One time, (I hope I'm not repeating myself here) I asked my Superstar Husband if he thought Kid A was... okay.
"Why?" he wanted to know.
"Well, he's always doing something with his hands. Fiddling. He flicks his fingers against his jaw, or he does that funny little scratching motion on his forehead, and he's constantly kicking. Do you think that's normal?"
"I'm just, you know, worried that he's anxious or something," I said. And then I laughed, because it was such a ridiculous, "Me" thing to say.
"Rae, he's just like me. Think about it. Do you notice a similarity?"
And suddenly the light switched on. Chinua's leg jiggling, the pacing, the rubbing together of the socks, the drumming tabla beats on the table when we're waiting for our food to come at a restaurant, the poking at my face and collarbone and elbows when he's noticing me... Kid A is exactly like his father.
I remember once, at the beach on the Gulf of Mexico. Kid A was only 1. I was sitting in the sand and looked up to see little Kid A holding a handful of sand, completely lost in the act of letting it slowly trickle down in a stream to the sand below.

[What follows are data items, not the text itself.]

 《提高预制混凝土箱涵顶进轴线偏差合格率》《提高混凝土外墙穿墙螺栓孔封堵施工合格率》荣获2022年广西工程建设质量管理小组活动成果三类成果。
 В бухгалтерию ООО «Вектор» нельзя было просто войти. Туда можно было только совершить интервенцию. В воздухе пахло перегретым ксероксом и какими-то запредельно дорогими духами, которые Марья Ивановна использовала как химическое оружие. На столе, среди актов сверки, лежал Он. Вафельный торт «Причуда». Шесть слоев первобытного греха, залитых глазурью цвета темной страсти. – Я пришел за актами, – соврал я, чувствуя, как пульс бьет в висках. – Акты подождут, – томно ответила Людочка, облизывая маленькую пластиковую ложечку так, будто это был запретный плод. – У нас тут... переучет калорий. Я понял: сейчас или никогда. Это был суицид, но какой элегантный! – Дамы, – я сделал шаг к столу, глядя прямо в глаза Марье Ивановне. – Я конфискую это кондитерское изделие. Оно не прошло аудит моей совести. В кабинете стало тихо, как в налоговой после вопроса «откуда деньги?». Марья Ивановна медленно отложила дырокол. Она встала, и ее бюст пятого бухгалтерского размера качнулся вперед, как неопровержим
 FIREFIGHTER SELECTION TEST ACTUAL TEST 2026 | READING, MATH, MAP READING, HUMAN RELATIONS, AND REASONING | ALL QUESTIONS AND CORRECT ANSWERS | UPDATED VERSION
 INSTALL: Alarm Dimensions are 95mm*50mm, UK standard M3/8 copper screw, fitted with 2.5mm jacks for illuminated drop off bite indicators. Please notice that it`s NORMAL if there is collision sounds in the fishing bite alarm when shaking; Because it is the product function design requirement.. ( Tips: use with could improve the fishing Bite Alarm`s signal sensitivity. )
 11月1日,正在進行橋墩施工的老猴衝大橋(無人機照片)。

Directly behind him, with the exact same expression on his face, was his dad, holding a hand full of sand, watching it trickle, lost in it.

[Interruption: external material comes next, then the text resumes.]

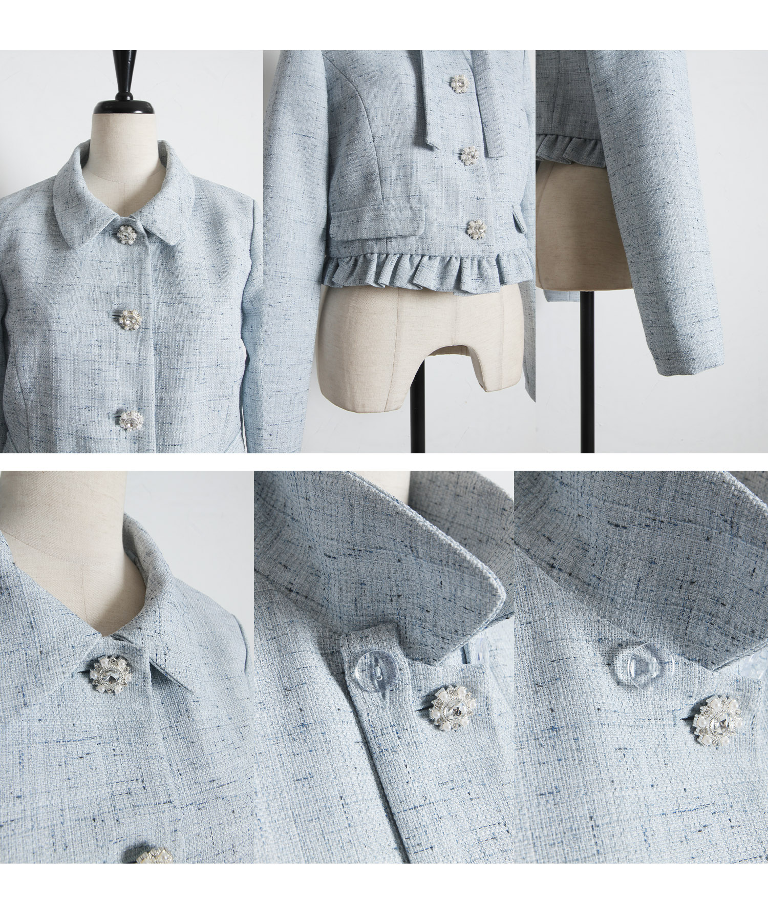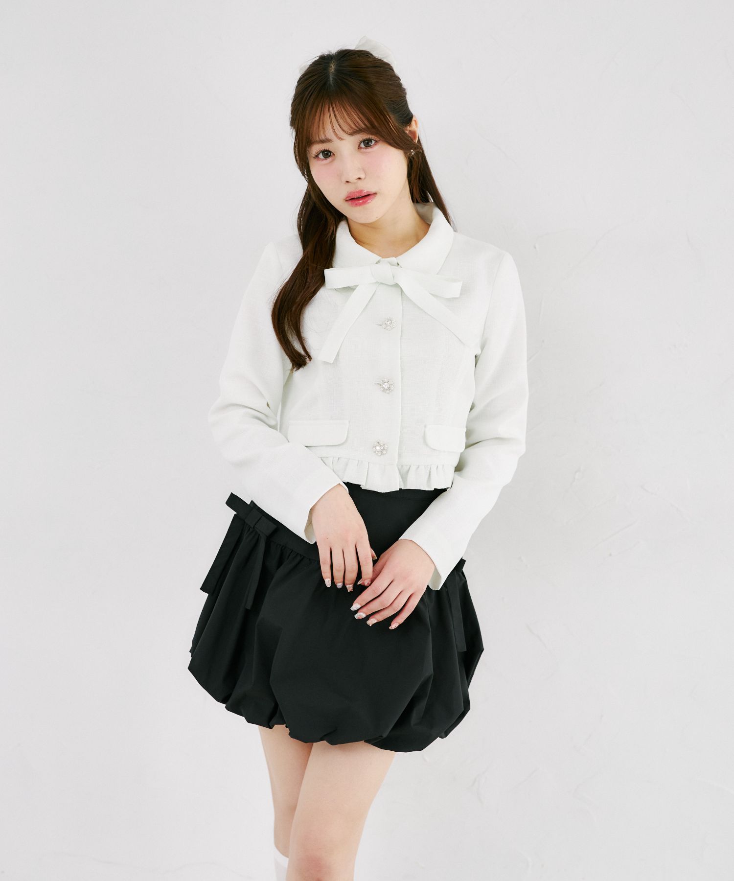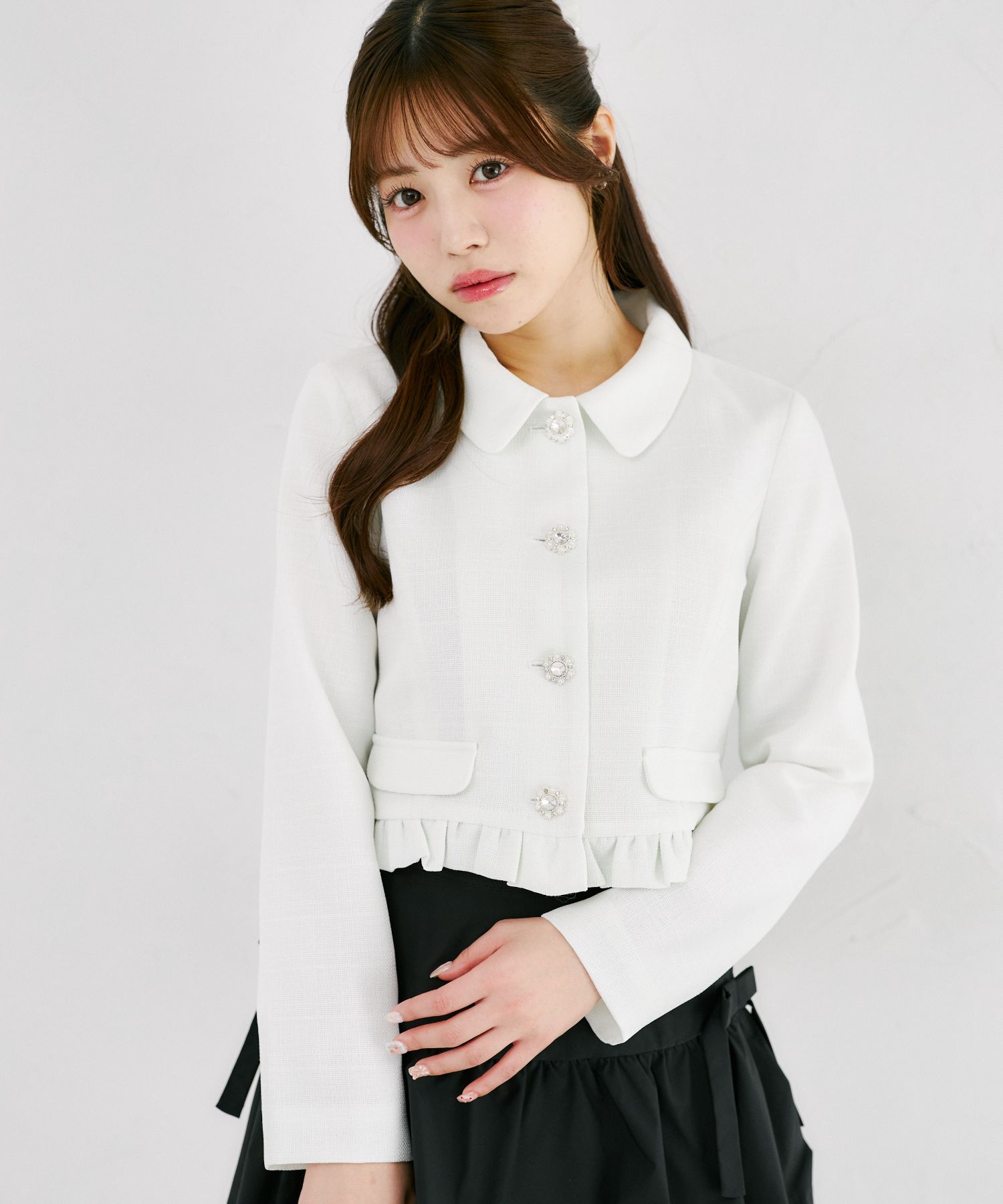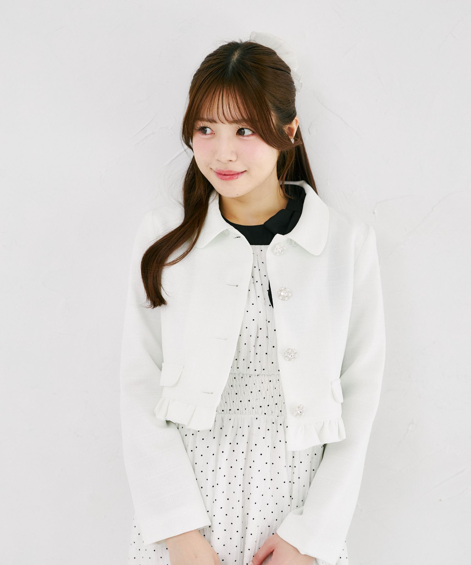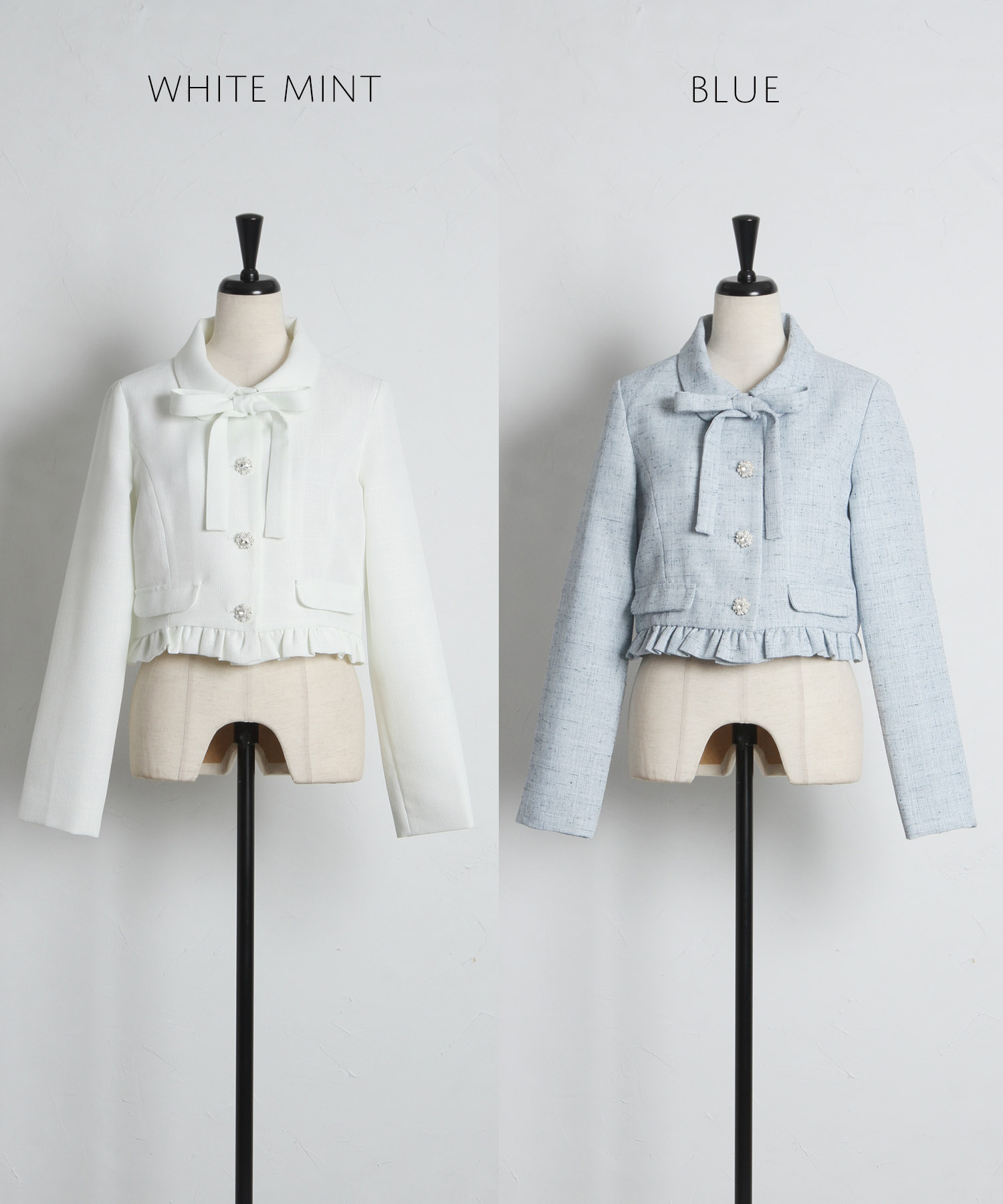 クラシカルな気品と愛らしさを纏うジャケット。 爽やかなカラーの高級感のあるツイード生地で エレガントな上品感を演出♪ 首元のリボンは取り外し可能な2WAY仕様だから シーンや気分に合わせてデザインを変えられます◎ 前立てにはパール×ビジュー釦を採用し、 目を惹く華やかな洒落感を添えました。 裾の控えめなフリルが甘さを引き立てるアクセントに。 「きちんと感」と「可愛い」を両立したディティールで お呼ばれシーンでも活躍する万能な1着です。 |

They have minds that are constantly working. And with their constantly working minds are bodies that are always moving.
I stopped worrying, after that conversation.

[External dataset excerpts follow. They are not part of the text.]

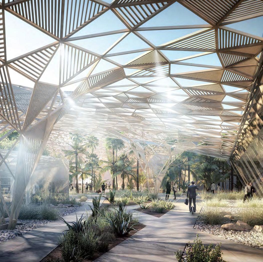 Notre démarche s’appuie sur le potentiel et les atouts du site situé en plein milieu de l’Oued en optimisant le dialogue entre le bâti et son environnement. Nous nous servons du climat, des vents, du sable, et des savoir-faire du littoral subsaharien, pour atteindre les meilleures performances durables. Des tentes végétalisées, mi-tentes/mi-dunes, sous lesquelles on vient glisser les bâtiments, tissent le paysage. Suivant les lignes des dunes du désert, la rue intérieure est ses transversales sont une allégorie aux terres craquelées de l’oued. Couvertes d’une canopée, elles laissent une place importante à la nature et créent des espaces de rencontres et d’échanges entre les hommes.
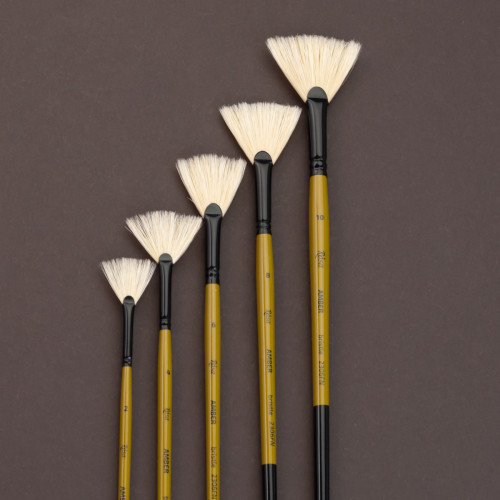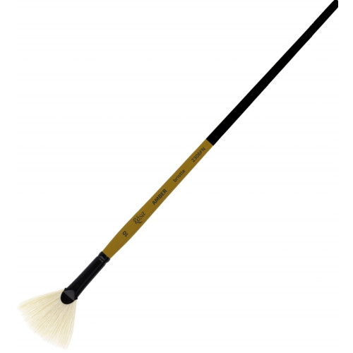 Форми пензлів серії AMBER включають круглу, плоску, овальну, віялову та флейц. Віялові пензлі допомагають створювати спеціальні ефекти і текстури, добре підходять для малювання трави, листя, хвиль та інших деталей.
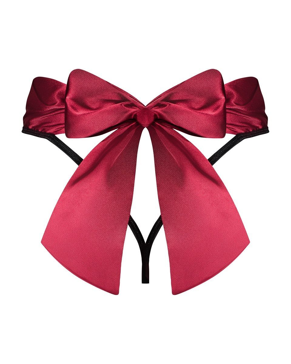Трусики-стринги Tienesy с бантом, черные/малиновые, L-XL, сетка и атлас
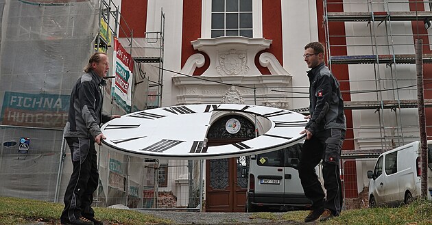 Daniel (vlevo) a Jakub Macháčovi z Rýmařova s ciferníkem, který vyrobili ve své rodinné firmě. Zamířil na věž poutního kostela Povýšení svatého Kříže a Panny Marie Sedmibolestné na krnovském vrchu Cvilín. (11. prosince 2025)

But today, while I didn't start worrying again, I realized that I may be in for many long years of annoying actions while thinking. Because today was the introduction of the tuneless whistle.
The tuneless whistle is Kid A's new skill. The tuneless whistle has only one note. The tuneless whistle stops for no one, for nothing, and since I recognize the tuneless whistle as a developing skill, and don't want to squash it, I allowed it to go on for perhaps 32 hours today, with one exception. No tuneless whistling when we are sitting at the table eating together. Make that two exceptions. No tuneless whistling in MY EAR. All right.
Tonight I am missing out on a very special party, a medieval dinner that we were all invited to. Not only am I missing out on the eats, I am missing out on my husband as the jester, in full jester costume. Juggling, doing card tricks, whatever whatever, I'm used to the Super Talents around here, but the costume!
However, what I need more than seeing my husband in a Jester costume (I know, what could I need more than that?) is rest. I've been feeling like something the rats dragged out of their little holes. Something rotten that used to be shaped like an apple. Something. Just not like me. And we pregnant moms of three take our rest where we can.
By the way, from the last post, I don't want you to get the idea that I had no first trimester symptoms. There were those lovely days of running back and forth from the toilet eighteen times in an hour. And the sea sick symptoms when I was no where near the ocean, moaning about my messy house while feeling unable to leave the couch. Eating veerrrry slowly. A Christmas spent trying not to smell anything. Or see anything.
I just didn't know we were so close to the end of it. Hooray! Here's to feeling BETTER!
(By the way, in case you didn't get it from the flickr account owner info, I totally would never want to take credit for this shot- it's my Superstar Husband's.)